Vince Hawkins

Personal information
- Nationality: British
- Born: Vincent Gregory Hawkins 15 April 1923
- Died: 27 November 2008 (aged 85) Winchester, England
- Weight: Middleweight

Boxing career

Boxing record
- Total fights: 89
- Wins: 78
- Win by KO: 37
- Losses: 10
- Draws: 1

= Vince Hawkins =

British boxer (1923–2008)

Vincent Gregory "Vince" Hawkins (15 April 1923 – 27 November 2008) was a British middleweight boxer who became British champion in 1946.

==Career==
A reserve firefighter on the railways from Eastleigh, Vince Hawkins gained his early boxing experience with Eastleigh Boxing Club, where his father took him to teach him to deal with bullies at school.

He began his professional career in January 1940, and went on to win his first 42 fights, including victories over Battling Charlie Parkin, Paddy Roche, and Ginger Sadd. He had his first drawn fight against Tommy Davies in March 1944. In August 1944 he beat Dave McCleave to win the Southern Area middleweight title, a fight that was also a final eliminator for the British title. He remained unbeaten until he challenged Ernie Roderick in May 1945 for the vacant British title; Hawkins lost on points. He won his next six fights before challenging Roderick again for the British title in October 1946 at the Royal Albert Hall; The fight went the full 15 rounds, with Hawkins winning on points to take the title. He celebrated the victory with an open-top trailer tour of his home town.

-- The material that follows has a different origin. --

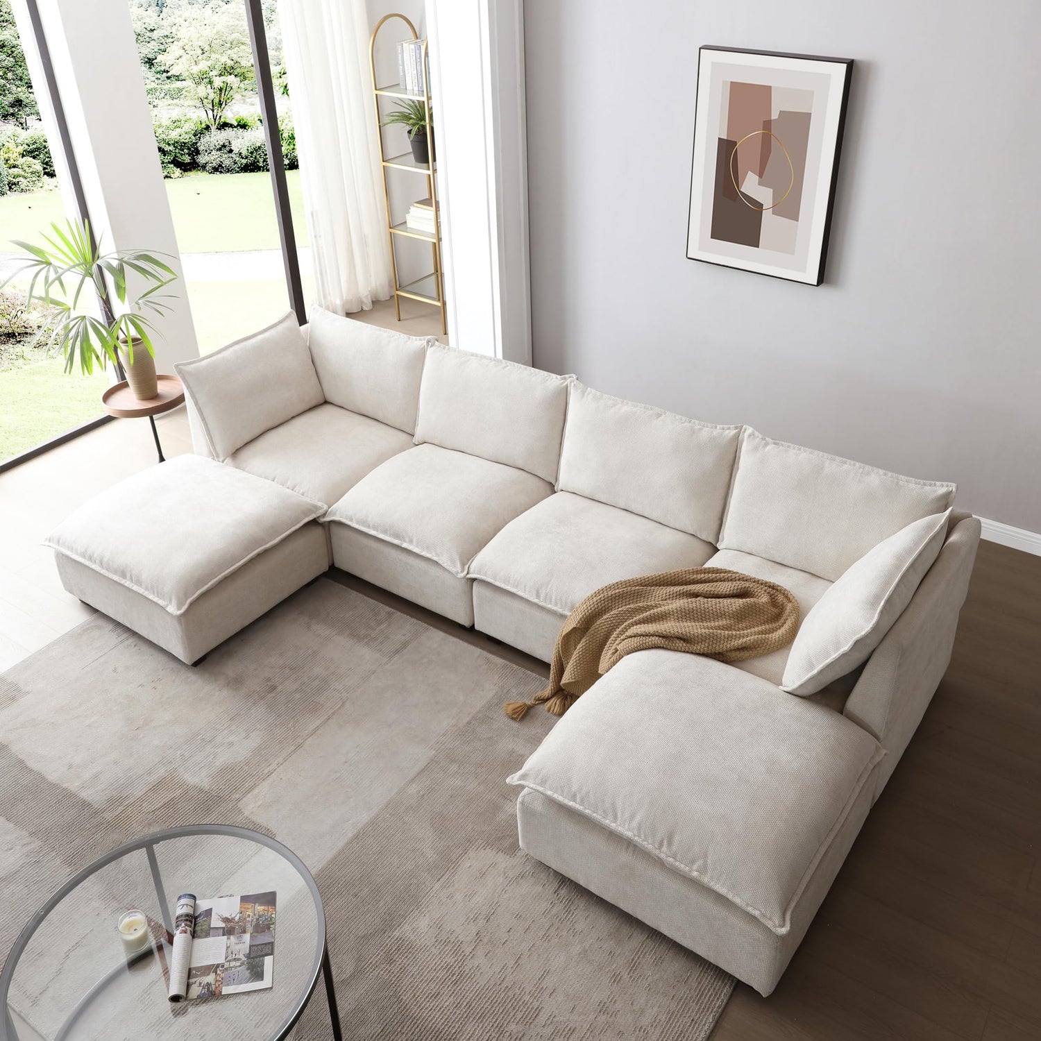 6 Seater Oversized Modular Sectional Sofa Couch, Down Filled U / L Shaped Free Combination Convertible Sofa&Couch with Movable Ottomans and Thicked Cushions for Living Room Apartment ,Linen Fabric

Hawkins suffered his second defeat in May 1947 to Gustave Degouve in Paris. After beating Jimmy Bray and Agustin Mendicute he fought Dick Turpin in September 1947. Turpin inflicted the third defeat of Hawkins career after a cut eye cause a sixth round stoppage.

In January 1948 Hawkins challenged for the vacant British Empire middleweight title against New Zealand champion Bos Murphy; Murphy took a points decision to win the title. After losing to Randolph Turpin in March 1948, he fought Dick Turpin again, this time in front of 40,000 people at Villa Park. With the lifting of the colour bar allowing Turpin to challenge for the title, Hawkins' British title was at stake as well as the Commonwealth title; Turpin won the fight on points.

In January 1949 Hawkins announced his retirement after a loss to Cyrille Delannoit in Belgium. He did, however, fight four more times, losing his last three, before retiring in 1950.

He married Marian Lucas in 1953, and went on to work as a prison officer at Winchester for 30 years.

Hawkins died on 27 November 2008 at the Abbeygate care home in Winchester, aged 85, after suffering for Alzheimer's disease for some time.